Last week I mowed the yard and when he came in being all amorous, I was totally wiped. In fact I kinda fell asleep to him rubbing my back. He could have been a real ass and made a stink but he just made a joke and let it go. I made it up to him the next day (and then some 😉). But I really did feel shitty and hypocritical.
It happens. 😆
 
32 years married. I'm 65, she's 67, and she's a stage 4 cancer patient for the last 2 years. She ended our physical relationship 15 years ago, saying sex "hurt too much". Refused to see her ob/gyn, wouldn't talk about why. So, we've been room mates ever since. Was good before, anything I wanted, any way I wanted. I made sure she came multiple times before I did. One of the conversations we've had she told me ending sex was her biggest regret in our marriage. Too late now. She said she wants me to marry again. Didn't say this to her, but I would never consider doing that. Women our age are not attractive, come with a lifetime of baggage and scars. Not interested in a younger woman. So, I do this as the alternative.
 
32 years married. I'm 65, she's 67, and she's a stage 4 cancer patient for the last 2 years. She ended our physical relationship 15 years ago, saying sex "hurt too much". Refused to see her ob/gyn, wouldn't talk about why. So, we've been room mates ever since. Was good before, anything I wanted, any way I wanted. I made sure she came multiple times before I did. One of the conversations we've had she told me ending sex was her biggest regret in our marriage. Too late now. She said she wants me to marry again. Didn't say this to her, but I would never consider doing that. Women our age are not attractive, come with a lifetime of baggage and scars. Not interested in a younger woman. So, I do this as the alternative.

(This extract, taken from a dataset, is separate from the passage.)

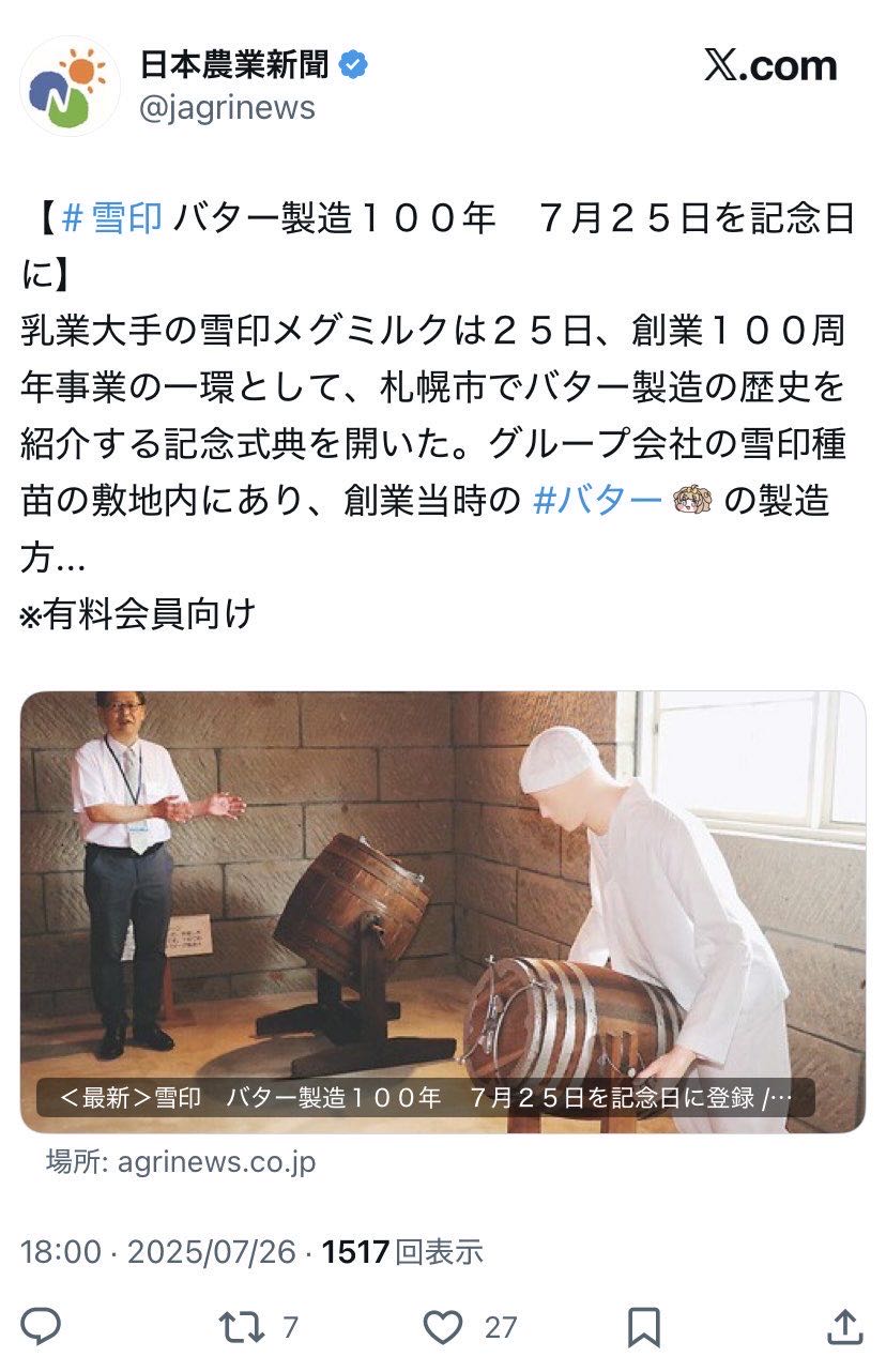 | … | 8425/10/03(金)16:03:25 ID:MZby.kXoNo.1359244546そうだねx1トリッカル…全ての乳製品企業垢が味方です… |
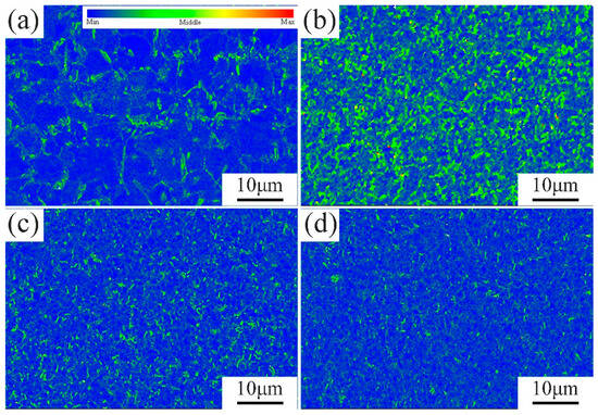 Figure 13 shows the kernel average misorientation (KAM) distribution maps of the BM and the 200 rpm joint’s SZ before and after DCT. KAM reflects the homogenization degree of plastic deformation. Where the KAM value is high, it means that the degree of plastic deformation is large or the defect density is high. When the rotation speed was 200 rpm, the SZ experienced severe thermoplastic deformation, and dynamic recrystallization and a high density of dislocations were formed. As shown in Figure 13b, the proportion of the deformation area was high and evenly distributed. DCT can promote the release of local stress, and the local stress was smaller with the increase in DCT time, as shown in Figure 13c,d.

your love and loyalty are deeply moving. To walk beside someone through silence, illness, and unmet needs with grace is no small thing. It’s okay to grieve what was lost, even while honoring what remains.

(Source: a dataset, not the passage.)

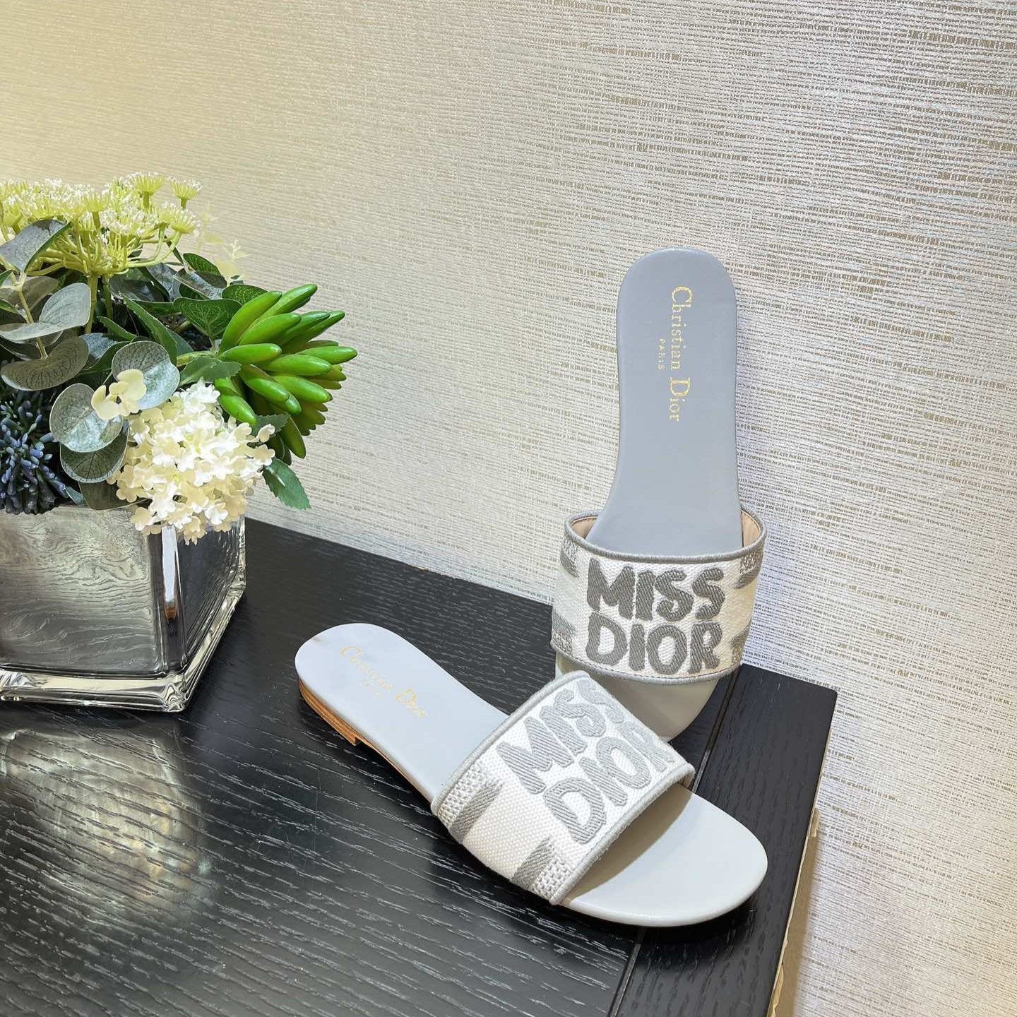 dway slide embroidered grey cotton
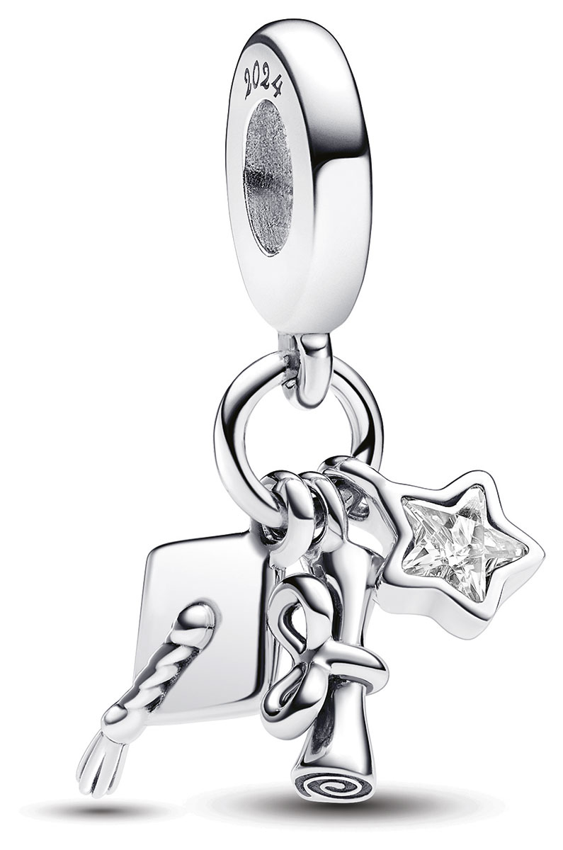 Pandora Moments 2024 Graduation 793240C01 sterling-hopeasta valmistettu hela on erinomainen lahja 2024 valmistuville opiskelijoille! Riippuvassa korussa on koristeena kolme eri kuviota; valmistujaislakki, stipendi/lopputodistus sekä säihkyvä tähti, johon on upotettu kirkas kuutioinen zirkonia.

You’ve given so much. Perhaps now, some part of that care can turn inward into rediscovering joy, companionship, or creative intimacy in ways that don’t betray your love, but help you feel alive again. You still matter.
 
Wow, I can’t believe I found this thread and so many people just like me! 45 with a crazy sex drive and a husband that isn’t interested in me at all. I just want to be needed and craved by someone. I’ve had so many conversations with him about it and he is not interested in me at all. I’ve gained some weight recently due to some health issues and I feel like he doesn’t find me attractive. We are roommates, living under the same roof and not having a real relationship. 21 years of marriage so it’s hard to walk away.